A common saying in data science is “garbage-in-equals-garbage-out”. Data governance and validation are the primary ways to avoid this situation. And, to optimize the information content in a dataset for predictive modeling, we need to pull together all data elements that may be related to a given outcome or event of interest (e.g. Identifying the root case for a denial on a claim). It is a fact of the current state of data systems in hospital setting that all of the information possibly related to a patient’s visit reside in different systems — since they were originally constructed for various different purposes. To maximize the information content of the data, we need to pull data at the patient or patient-visit level together across different systems to get the full view of what was done to the patient when and where.
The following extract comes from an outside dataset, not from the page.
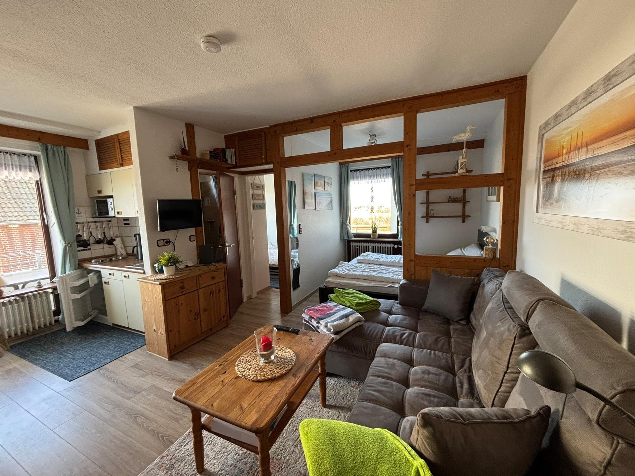 Die Wohnung ist 35 m² groß und bietet alles, was Sie für einen entspannten Urlaub benötigen. Sie verfügt über einen kombinierten Wohn- und Schlafraum mit einem komfortablen Doppelbett sowie ein separates, kleines Schlafzimmer mit einem Einzelbett. Der Laminatboden sorgt für eine angenehme Atmosphäre. Im Wohnbereich lädt eine gemütliche Ledersitzecke zum Verweilen ein, und ein Flachbildfernseher mit DVD-Player sorgt für Unterhaltung.

To ensure that the data accurately captures the who, what, when, and where aspects we need to be sure that data elements coming from different systems logically make sense and rationalize when they are brought together.
5. How do you explain the “black box” of predictive modeling to non-analytic clients? What analogies and examples do you use?
While predictive modeling can be viewed as a black box where data is fed in and somehow, predictions come out at the end; I don’t have this view. It is true that data is used to extract patterns and trends and these patterns and trends are used to make prediction. While these patterns and trends can be complex, we like to provide examples (based on a given client’s data) that can be expressed as rules — e.g. If the patient has insurance company X, and has lab charges above a certain threshold and has a given ICD-9 diagnosis code, this results in a high denial rate. We can then go right to the source data to easily verify with the client all of the cases that satisfy the rule and show them their denial rate over these cases.
6. How important is it in creating an analytic culture for your clients to drive substantial and sustainable value? Can you share a success story?
Our clients who have created an analytic culture tend to see very good ROI values in their analytic and work driver investment. When a client focuses on data integrity, initially planning and regularly discussing analytics and reporting needs they typically see ROI of 4 or more to 1.
7. From your experience, how has healthcare reform impacted revenue cycle management? Does increased patient responsibility for healthcare payments help or hinder? Can analytics help this new process? Can you explain why a “self-pay” prediction model can help?
As is common in the industry, more and more of the financial responsibility for healthcare is falling on the shoulders of the patient. This is a great example of an area ripe for a predictive model to help out. In the case of self-pay, knowing the likelihood that a patient will pay the portion of their healthcare bill for which they are responsible allows providers to be smarter about how they handle these patients. Rather than turning them over to collections, if you know that a group of patients are very likely to pay (based on current data and past payment history), then it is better to wait awhile longer for their payment vs giving a slice of it to a collection agency.
8. How do you position analytics from being a cost center to a value center? Can you provide a client success story?
By coupling analytics and predictive modeling with the best actions to take to increase reimbursement, analytic and modeling investments allow the provider to recoup the reimbursement for all of the services they’re providing to a patient. Clients who are seeing ROI of 4 or more to 1 know that their analytic investment is not a “cost center”.
9. Through the increasing use of big data, how do you see the healthcare industry evolve over the next few years?
Absolutely. Healthcare is definitely a “big data” field — personal devices are producing health data every few seconds, EHRs are storing the details of historic interactions that providers are having with patients, etc. Bring in images, etc. and that’s a lot of data. The challenge is to filter through these huge data stores to identify care patterns and treatments that optimize outcomes while controlling costs.